START SUPPLIED DATA
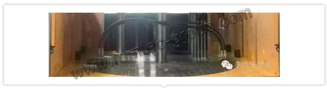 A自主設計三缸直鎖方式鎖模轉盤機,模缸置于上模板上側;
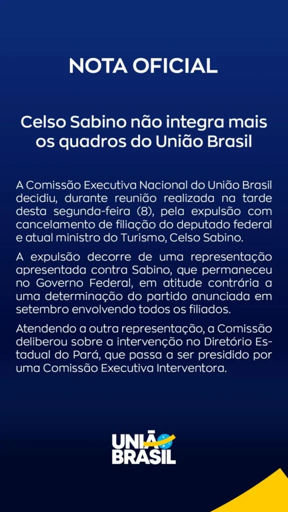 O União Brasil comunicou nesta segunda-feira (8) a expulsão e o cancelamento de filiação do deputado federal e atual ministro do Turismo, Celso Sabino. A decisão foi tomada pela Comissão Executiva Nacional do partido durante reunião realizada na tarde.
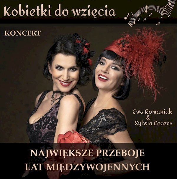Zapraszamy na nastrojowy koncert „Kobietki do wzięcia”, inspirowany klimatem dwudziestolecia międzywojennego. Dwie charyzmatyczne artystki – Sylwia Lorens i Ewa Romaniak – przeniosą publiczność w świat dawnych szlagierów, anegdot i subtelnego humoru, łącząc elegancję, lekkość i kobiecą energię.
END SUPPLIED DATA
## YOUR ASSIGNMENT
The answer should contain nothing but the lines from the top of the data above through the line containing "O União Brasil", copied exactly, with no images.

## THE ANSWER
 A自主設計三缸直鎖方式鎖模轉盤機,模缸置于上模板上側;
 O União Brasil comunicou nesta segunda-feira (8) a expulsão e o cancelamento de filiação do deputado federal e atual ministro do Turismo, Celso Sabino. A decisão foi tomada pela Comissão Executiva Nacional do partido durante reunião realizada na tarde.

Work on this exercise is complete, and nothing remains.